Sorry for this long question.

We have two servers ( database and application) with AIX 5.1
The disk enclosures are SSA. Initially the HACMP was configured, and while starting the cluster it was making database VG available for database server and the application VG available for application server. And subsequently the IP address used to change from boot IP to service IP.

Now at present there is a disk failure in one SSA enclosure. This disk was mirrored. Hence the data is available. While making cluster Up ( smitty clstart) in database server, it was skipping the mounting activity for the filesystems and it was not changing the IP too ( may be this disk error, as we saw in hacmp.out file during starting the cluster it does status check for all the configured hard disks and then it does mounting). We suspected due to the disk failure the HACMP is not coming up.

At present we have made volume group varyon for the two servers ( database & application ) and changed the IP address for the ethernet interface by smitty chinet. ( the service IP). HACMP version is = 4.5

Now my question is, what is the best way I should follow to get the system as before without any more risk.

I need the steps which needs to be followed during this situation. remember I want new disk to be configured with the volumegroup in SSA enclosure and the HACMP has to make UP.

We have two enclosures @ 16 SSA disk @ 36 GB

volume group :-
rootvg
db_vg
appl_vg

These volume groups are common for both the servers.
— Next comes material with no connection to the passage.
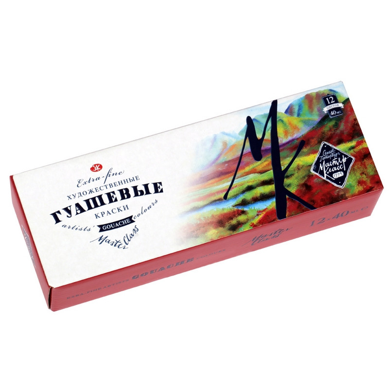 При изготовлении гуаши "Мастер-Класс" используются тонко тертые пигменты, белила и связующие вещества (в том числе гуммиарабик). Белила придают гуаши матовость, позволяют краскам ровно ложиться на поверхность, покрывая ее без просветов. В составе большинства оттенков всего один пигмент, поэтому краски отличаются чистотой цвета и сохраняют яркость после нанесения. Краски изготовлены из качественных пигментов, среди которых пигменты собственного производства (кадмиевые и кобальтовые пигменты, красящие земли). Подходят для художественных и декоративных работ: хорошо ложатся на холст, картон, бумагу. Ими можно работать на таких поверхностях, как металл, дерево, кость, пластмасса, стекло, кожа. Подходят для реставрационных работ. Набор гуаши "Мастер-Класс" состоит из 12 базовых цветов, необходимых художнику для работы. Баночки 40 мл упакованы в картонную коробку. В набор входят следующие цвета: белила цинковые, желтая светлая, охра золотистая, краплак красный, красная, лазурь железная, ультрамарин, фиолетовая темная, ярко-зеленая, зеленая темная, умбра жженая, сажа газовая. Размер упаковки: 27х9.5х5.5 см.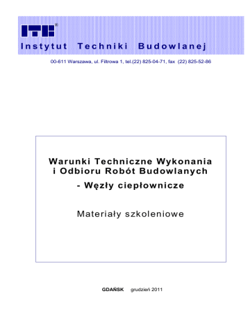 ® Instytut Techniki Budowlanej 00-611 Warszawa, ul. Filtrowa 1, tel.(22) 825-04-71, fax (22) 825-52-86 Warunki Techniczne Wykonania i Odbioru Robót Budowlanych - Węzły ciepłownicze Materiały szkoleniowe GDAŃSK grudzień 2011 mgr inż. Bogdan Kozłowski [email protected] Gdańsk, grudzień 2011r. Warunki Techniczne Wykonania i Odbioru Robót Budowlanych - Węzły Ciepłownicze 1. Wstęp Zgodnie z aktualną wersją art. 7 ustawy Prawo budowlane z 7 lipca 1994r. (tekst jednolity Dz. U nr 156 z 2006r. poz. 1118 z późn. zm.) do przepisów techniczno – budowlanych zalicza się jedynie: Warunki techniczne jakim powinny odpowiadać obiekty budowlane i ich usytuowanie, Warunki techniczne użytkowania obiektów budowlanych. Według obecnie obowiązującego prawa budowlanego wydawane WTWiORB nie są więc przepisami techniczno – budowlanymi, ale wobec braku Polskich Norm z tego zakresu zasadne jest, aby ich zalecenia znalazły się w treści zamówienia i umowy pomiędzy inwestorem i wykonawcą, co nadaje im moc wiążącą w odniesieniu do stron umowy. Prezentowane WTWiORB dotyczą końcowego elementu w systemie dostawy ciepła do zasilania instalacji cieplnych w budynku. Według definicji zawartej w aktach prawnych dotyczących funkcjonowania systemów ciepłowniczych oraz kalkulacji taryf za ciepło, węzeł ciepłowniczy jest zespołem połączonych ze sobą urządzeń lub instalacji służących do zmiany rodzaju lub parametrów nośnika ciepła dostarczanego z przyłącza oraz regulacji ilości ciepła dostarczanego do instalacji odbiorczych. Natomiast przywołana w p. 1.2. „Warunków ...” definicja węzła, pochodząca z PN-B-01430:1990, bardziej szczegółowo określa nieco bardziej szczegółowo określa zadania węzła w procesie zasilania w ciepło instalacji odbiorczych w budynku. Niezależnie od definicji węzeł ciepłowniczy jest ważnym, końcowym ogniwem między źródłem ciepła i odbiorcą, którego zaprojektowanie, wykonanie i eksploatacja ma znaczący wpływ na koszty ciepła dla zasilania budynku. Z tego względu przedmiot określony w p. 1.1. „Warunków ...” obejmuje: wymagania dotyczące dokumentacji projektowej i powykonawczej, wymagania dotyczące wykonawstwa węzłów ciepłowniczych, zasady odbioru węzłów ciepłowniczych. Natomiast zakres ich stosowania określony także w p. 1.1. obejmuje węzły wodne w budynkach mieszkalnych, użyteczności publicznej i zamieszkania zbiorowego zasilanych z nisko i wysokoparametrowych sieci ciepłowniczych. Postanowienia „Warunków ...” można stosować do węzłów wodnych w innych budynkach, wykonywanych przemysłowo tzw. „kompaktowych”, a także węzłów „przyłączeniowych” zasilanych z niskoparametrowych kotłowni indywidualnych, potocznie określanych jako „technologia kotłowni”, spełniających funkcję węzłów ciepłowniczych, których sposób eksploatacji powinien być taki jak w innych budynkach. 2. Dokumentacja techniczna Roboty budowlane powinny być wykonywane na postawie dokumentacji projektowej sporządzonej zgodnie z rozporządzeniem Ministra Infrastruktury z dnia 3 lipca 2003r w sprawie 2 szczegółowego zakresu i formy projektu budowlanego (Dz. U. nr 120 z 2003r poz. 1133 z późn. zm.) oraz opracowywanej indywidualnie specyfikacji technicznej wykonania i odbioru robót. W przypadku umów o realizację obiektów objętych ustawą Prawo zamówień publicznych z 29 stycznia 2004r (Dz. U. nr 19 z 2004r poz. 177 z późn. zm.) szczegółowy zakres i forma dokumentacji projektowej, specyfikacji technicznej wykonania i odbioru robót określone są w rozporządzeniu MI z 2 września 2004r (Dz. U. nr 202 z 2004r poz. 2072 z późn. zm.). Ponieważ te akty prawne obejmują wszystkie rodzaje robót budowlanych, wymagania w zakresie projektowania i robót instalacyjnych mogą nie być wystarczające. Biorąc pod uwagę, że zawartość dokumentacji projektowej jest podstawą właściwego wykonania i odbioru, niniejszy zeszyt WTWIORB dotyczący węzłów ciepłowniczych należy traktować jako pomoc do uszczegółowienia dokumentacji projektowej węzła, którą zgodnie z powyższym rozporządzeniem ustala zamawiający. Z tego względu w „Warunkach ...” szczegółowo określono zakres dokumentacji projektowej, z uwzględnieniem m.in.: podstawowych parametrów cieplnych i hydraulicznych węzła, warunków technicznych wykonania i odbioru w formie opisowej, odniesienia do określonych wydawnictw lub zbioru specyfikacji technicznych, obliczeń cieplno – hydraulicznych i regulacji obiegów, doboru urządzeń, doboru materiałów poszczególnych elementów składowych węzła, rysunków rozmieszczenia urządzeń, sposobu prowadzenia przewodów, rozmieszczenia podpór, parametrów regulacji wstępnej i nastaw elementów regulacyjnych, rozwiązania ochrony antykorozyjnej przewodów i innych urządzeń, rozwiązania izolacji cieplnej przewodów, armatury i innych urządzeń, zestawienia wyrobów, elementów i urządzeń, kopii kart katalogowych lub kart doboru podstawowych elementów i urządzeń zastosowanych w węźle. Uwzględniono także ograniczenie zakresu dokumentacji projektowej przy stosowaniu węzłów prefabrykowanych „kompaktowych”, które jako wyrób mają kompletny projekt techniczny. W części dotyczącej dokumentacji technicznej określono także pożądaną zawartość dokumentacji powykonawczej, która powinna zawierać m.in.: projekt techniczny powykonawczy tj. projekt, którego realizacja została potwierdzona przez kierownika robót i inspektora nadzoru odpowiedzialnych za prawidłowość wykonania, na którym naniesiono wprowadzone w trakcie montażu zmiany i uzupełnienia (może być projekt wyjściowy z naniesionymi zmianami), obliczenia powykonawcze w tym regulacyjne określające nastawy finalne armatury i urządzeń regulacyjnych, dokumentację formalno – prawną dotyczącą elementów i urządzeń użytych do wykonania: dokumenty identyfikujące wyroby

for the database server hdisk11 = missing

db_vg:
PV_NAME PV STATE TOTAL PPs FREE PPs FREE DISTRIBUTION
hdisk11 missing 1086 1 00..00..00..00..01

If you need any more information ..let me know.
Thanking you ..

Sam

ogniemi · Sep 8, 2006

I did replaced SSA disk on running cluster (HACMP) in the following way:

Assuming your mirrored cluster VGs (shared) have quorum off so the VG with missing disk is still online.
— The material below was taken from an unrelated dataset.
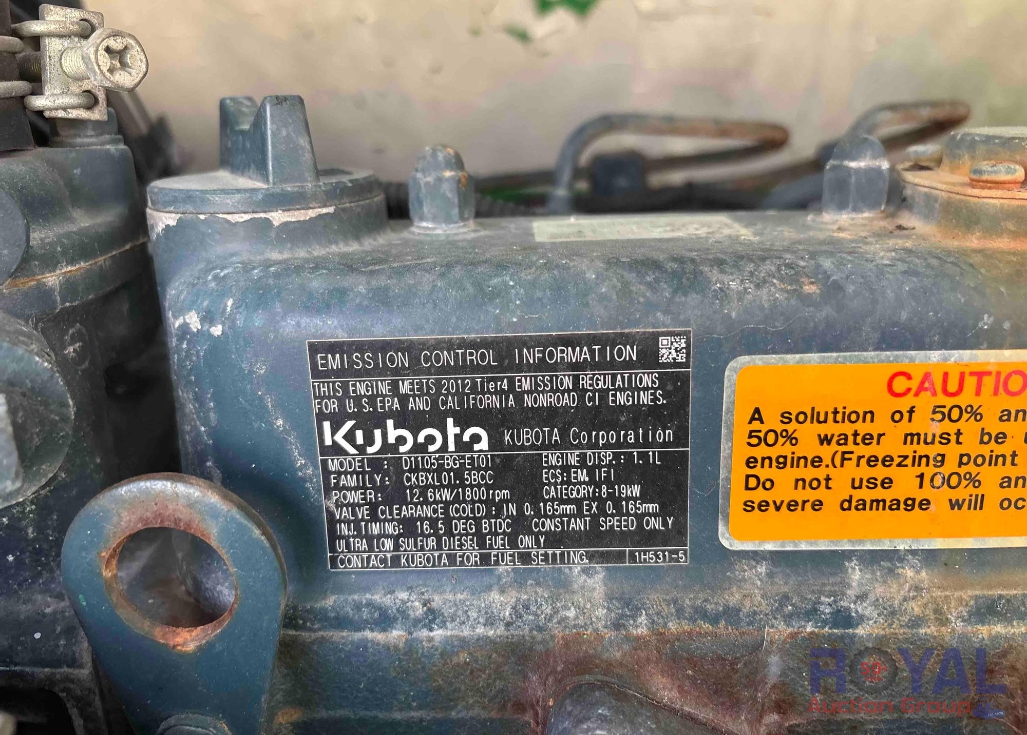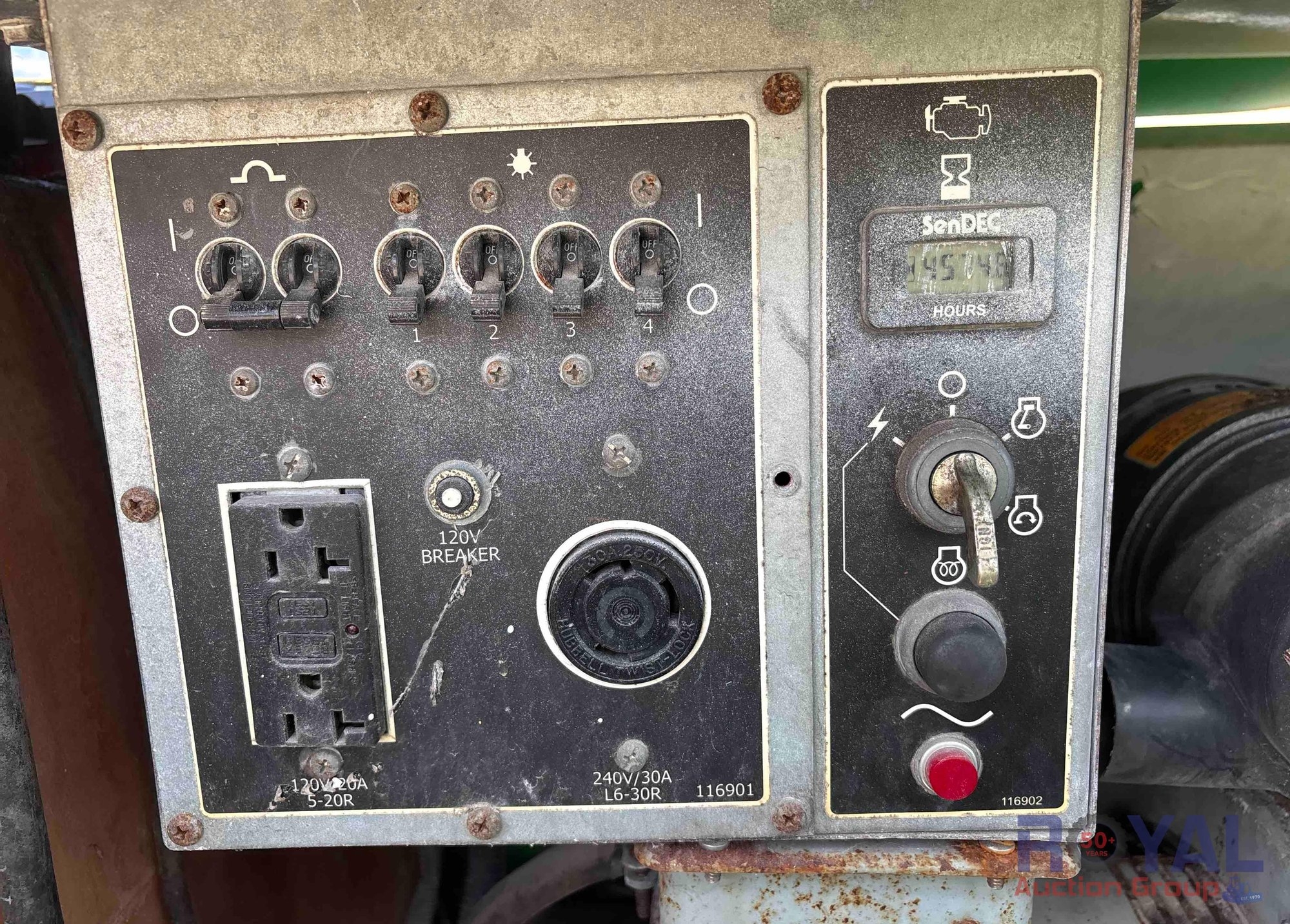City of Sanibel, SN: RL4123640, Trailer VIN: 4ZJSL141XC1003640, hour meter reads 4,574 hours, pwd by Kubota D1105 3-cylinder diesel engine. Equipped with 23ft mast, four metal halide 1000W lights, manual winch, 120V GFI outlet, coupler tow hitch, manual jack stand. Cranks, no start. Limited function check completed at check in.

For safety reason before I started disk replacement I did a 3rd copy (from CSPOC) of all LVs (which resided on the failed disks) temporaily to another good disk (let's call it "interim disk"):

smitty cl_lvsc
"Add a Copy to a Shared Logical Volume"
(should check if new copies are syncd)

Next, I removed all these LV copies from the failed disk (using CSPOC):

smitty cl_lvsc
"Remove a Copy from a Shared Logical Volume"
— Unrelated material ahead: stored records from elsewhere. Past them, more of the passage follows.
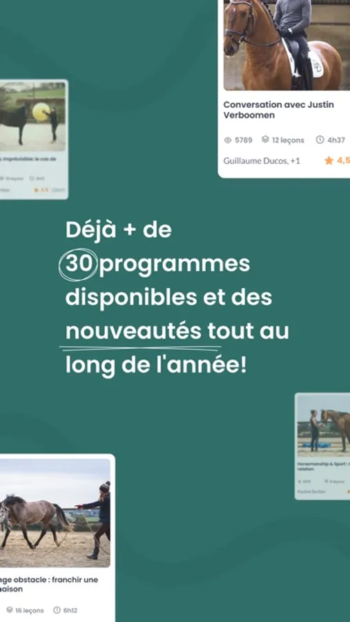 Utilisée par des cavaliers amateurs et professionnels, l’app vous donne accès à 200h de cours vidéo répartis dans 30 programmes exclusifs, créés par des experts reconnus en dressage, jumping, horsemanship et nutrition.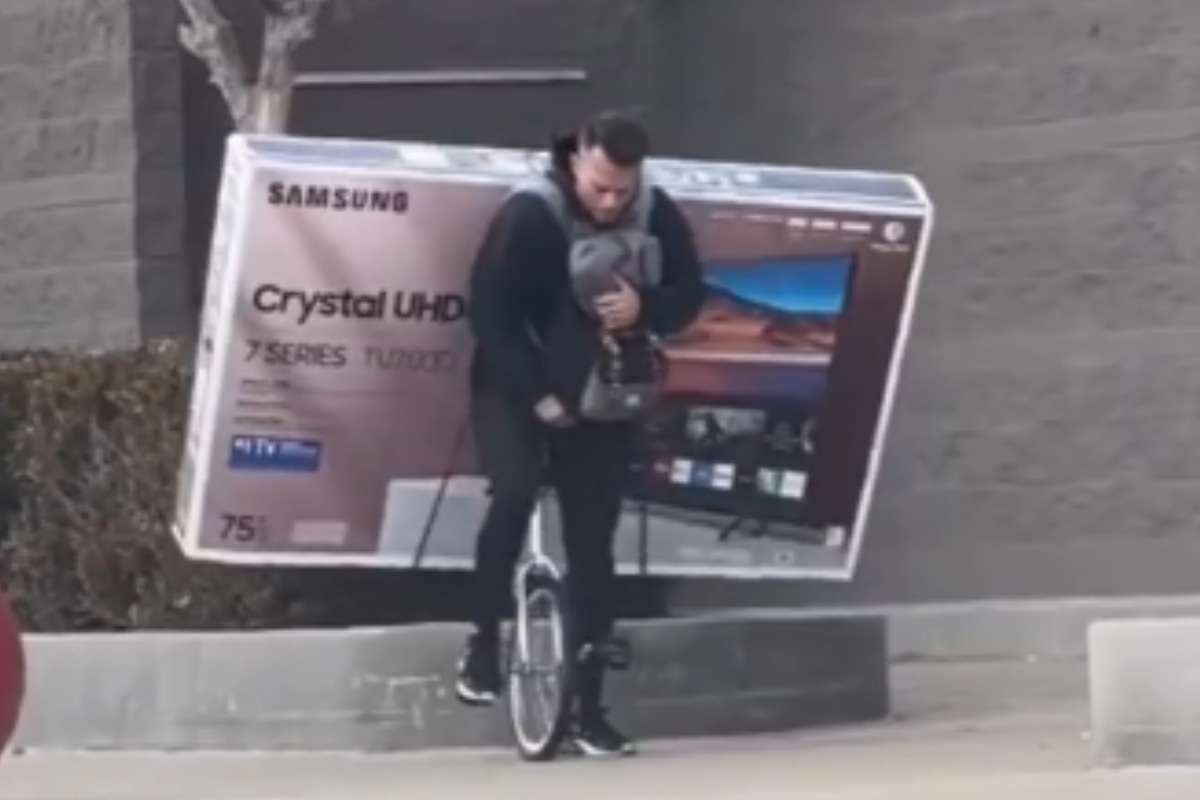 Ahorro es progreso dice un conocido refrán, por ello en lugar de gastar el dinero para un taxi, el protagonista del siguiente viral no tuvo mejor idea que trasladar por sus propios medios una pantalla gigante recién comprada, lo impresionante es que lo hizo sobre un monociclo.
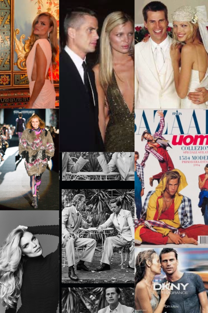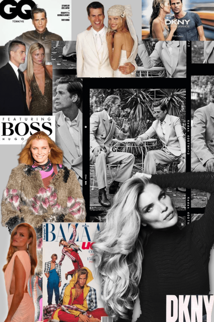 The DKNY Effect: Romance on a Billboard Their relationship was the fashion world’s worst-kept (yet most adored) secret. After crossing paths on a DKNY shoot in 1997, they became the brand’s go-to muses. The Aesthetic: Grainy black-and-white snaps, yellow cabs, and that effortlessly tousled hair. The Vibe: They appeared as two stunning strangers sharing a fleeting moment amidst the hustle of Manhattan. Their wedding in 1999 was the pinnacle of this era—a high-fashion “I do” where they donned Donna Karan, cementing their reign as the decade’s ultimate power couple.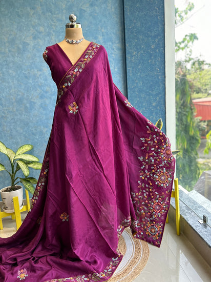 Wine color Silk Chinon Saree with beautiful French knot thread embroidery Buta on Body and Palla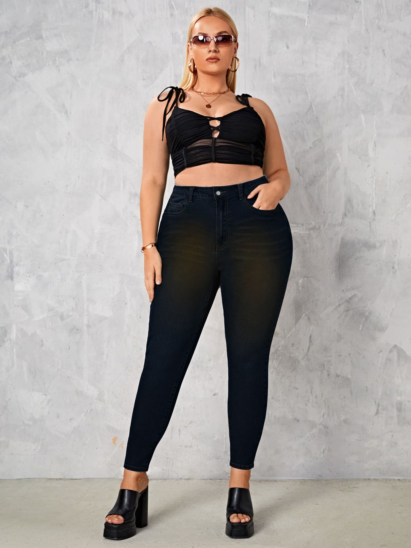 taglie forti Jeans skinny tasche oblique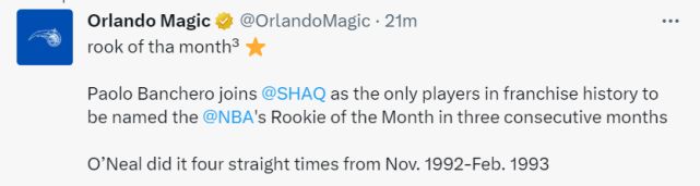 2月的东部月最佳新秀,属于魔术的状元班凯罗,他连续三个月获得这一奖项。2月的比赛中,班凯罗场均贡献16.6分7.5篮板3.3助攻。魔术官方晒图祝贺班凯罗再次当选。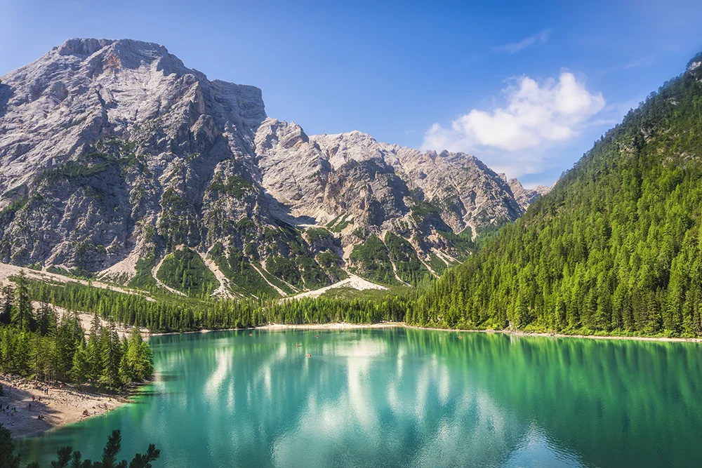 Desayuno en el hotel. Comenzaremos la mañana visitando Brunico, una bonita localidad medieval de trazado laberíntico, rodeada de murallas y dominada por un imponente castillo del siglo XIV. Haremos un paseo por el centro histórico, considerado uno de los más bonitos del Alto Adigio, y luego continuaremos la etapa hasta el lago di Braies. Situado en el Parque Natural de Fanes-Senes-Braies, este lago está rodeado por un paisaje de montañas espectacular. Almorzaremos y por la tarde dispondremos de un rato de tiempo libre en el lago Braies. Acabaremos la tarde haciendo un paseo por San Candido, una bonita población en el corazón de las Dolomitas con calles tranquilas y edificios históricos. Finalmente regresaremos a nuestro hotel para cenar y descansar.

Next, I removed this failed disk from the VG (using CSPOC):

smitty cl_vgsc
"Remove a Physical Volume from a Shared Volume Group"

You should see that the disk is removed from the VG on all cluster nodes (lspv).

Next, I removed the failed disk (logical and phisical device) from all cluster nodes:

rmdev -dl hdiskX
rmdev -dl pdiskY

pdiskY you can obtail running:

ssaxlate -l hdiskX

Next, I phisically replaced disk in SSA enclosure.

Next, I discovered this disk on one cluster node:

cfgmgr -l ssar

If the disk was brand new (no PVID assigned) then I run on that node:

chdev -l hdiskZ -a pv=yes

Next, I run "cfgmgr -l ssar" on the other nodes.

Next, I added new disk to the shard VG (from CSPOC):

smitty cl_vgsc
"Add a Physical Volume to a Shared Volume Group"
(after that on all cluster nodes I'd seen the disk assigned to the VG)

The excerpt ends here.